HOPWOOD -- Charleroi ran out of arms and Hopewell made the most of the opportunity Monday afternoon to advance to the Region 6 American Legion Baseball Tournament losers' bracket finale with an 11-1 victory.

Hopewell faced Brighton Township Monday night for the opportunity to play Uniontown in the championship Tuesday at 4 p.m. and a berth into the state tournament.

Charleroi got an early break when Hopewell's Anthony LaSala, who was hit by a pitch to open the game and stole second, was caught in a rundown after hesitating on a steal attempt of third base. Second baseman Lorenzo Glasser applied the tag after taking the relay from third baseman Nico Rongaus.

However, the next nine Hopewell batters reached base against Charleroi's Remi Lessman and Andrew Mackey. All nine runners scored on a combination of four hits, an error, three walks and a hit batter.

"I kinda knew that was coming," Charleroi manager Luke Mollis said of his pitching situation.

Hunter Mamie ditched his catcher's gear with two outs in the inning and struck out Ashton Statler to end the rally.

Mamie fared well over the next three innings, retiring the nine batters he faced in order. 

"(Hunter) did a great job. If we had started him, we might be in the game. He showed a lot of heart. He didn't quit," praised Mollis.

Hopewell invoked the mercy rule with two runs and one out in the bottom of the fifth inning.
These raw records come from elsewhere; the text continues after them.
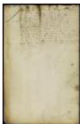
Patent of Jan Lubbertsen for of land across the North river (New Jersey) (NYSA_A1880-78_VHHpt2_0030)
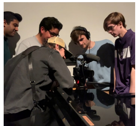
School of Digital Media students filming during the 24-hour film festival, an event organized by MCA
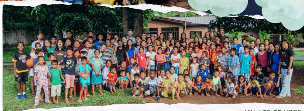
VILLAGE OF HOPE
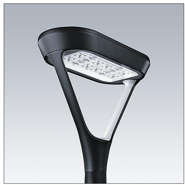
TLG URBD F MTPPDB.jpg

Dimensions: 510 x 241 x 474 mm Luminaire input power: 69.8 W Luminaire luminous flux: 10264 lm Luminaire efficacy: 147 lm/W Weight: 7.29 kg Scx: 0.049 m<sup>2</sup>
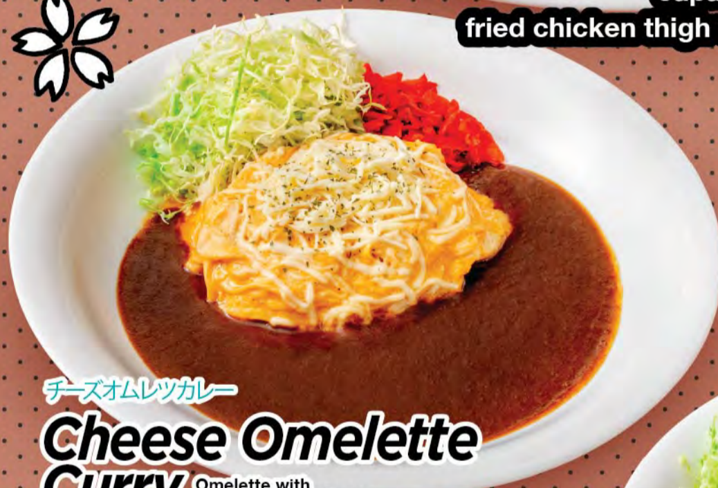
チーズオムレツカレー Cheese Omelette Curry Omelette with flame-torched cheese
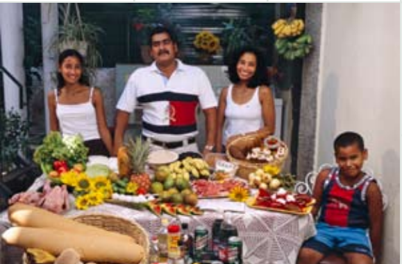
The Costas of Havana, Cuba, Family Portrait, c. 2005 from the ExhibitsUSA exhibition Hungry Planet: What the World Eats .

While it would be tempting to look for ways to consolidate federal international cultural exchange, or place primary responsibility in the State Department, this important sphere of activity transcends specific federal agencies or agency agendas. There is no question diplomacy can be much more effective in an environment nurtured by cultural exchange. Cultural exchange has significant public value in informing smart diplomacy: somebody, after all, has to go out and clear the brush to get the land ready for planting. But we see cultural exchange as broader than cultural diplomacy —even though the terms tend to be used interchangeably. Cultural exchange has broad educational, cultural, economic, and diplomatic goals.
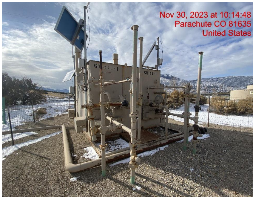
Separators – Photo #07779
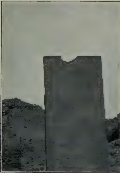
INSCRIPTION PAINTED IN RED ON THE FRONT OF THE "HOUSE OF PANSA" AT POMPEII. OUR NO. 15.
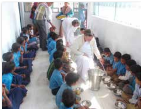
Nutritional support project.
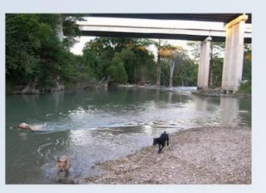
Caption: Dog is running through the water

Automatic Image Caption Generation System
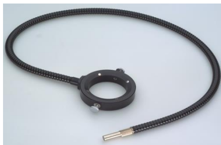
4-point ringlight 66 mm
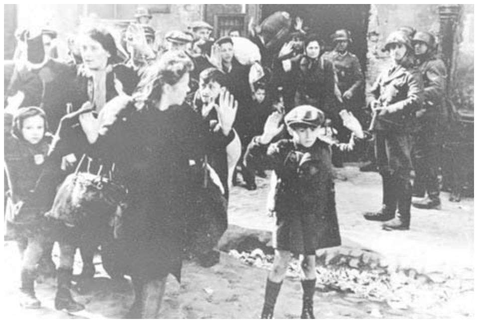
Nazi SS troops round up Jews in Warsaw, Poland, during the invasion of the country by German imperialist forces in World War II. "The world domination of finance capital in crisis: that's the real death trap for Jews today, as it has been all along," says Barnes.

disengagement" as some kind of cure-all has been dealt a rude comeuppance. The conditions for Tel Aviv to hold on indefinitely to a "Greater Israel," however, are no more favorable today than what has evolved over the past decade. The wall will continue to go up, and the Israeli rulers will still be compelled to attend to these unalterable contradictions.

Charleroi was unable to mount much offense, scoring its only run in the top of the third inning. Steven Slate retired the side in the first inning and Layton Hall allowed only one hit over the final four innings.

Joe Versharen was safe on an error to start the third inning. He moved to second on Ashton Ray's single and to third when Andrew Mackey was hit on the knee with two outs.

Versharen then scored on a wild pitch.

Charleroi went down in order in the top of the fourth inning. Versharen walked to open the fifth inning and moved to second on a balk.

However, Hall retired the next three batters to close the inning.

Charleroi returned to play in the Fayette County American Legion Baseball League this summer after a hiatus of a few years, and Mollis was happy to do so. His youthful squad rallied in the second half of the season to earn a tournament berth.

"Unfortunately, I missed a big portion of the season (because of a family emergency). We bounced back pretty good," said Mollis. "We have one 19-year-old. I hope they all stick with it, but they need to make a decision to play (Legion baseball).

"I hope we have enough players to stay with it."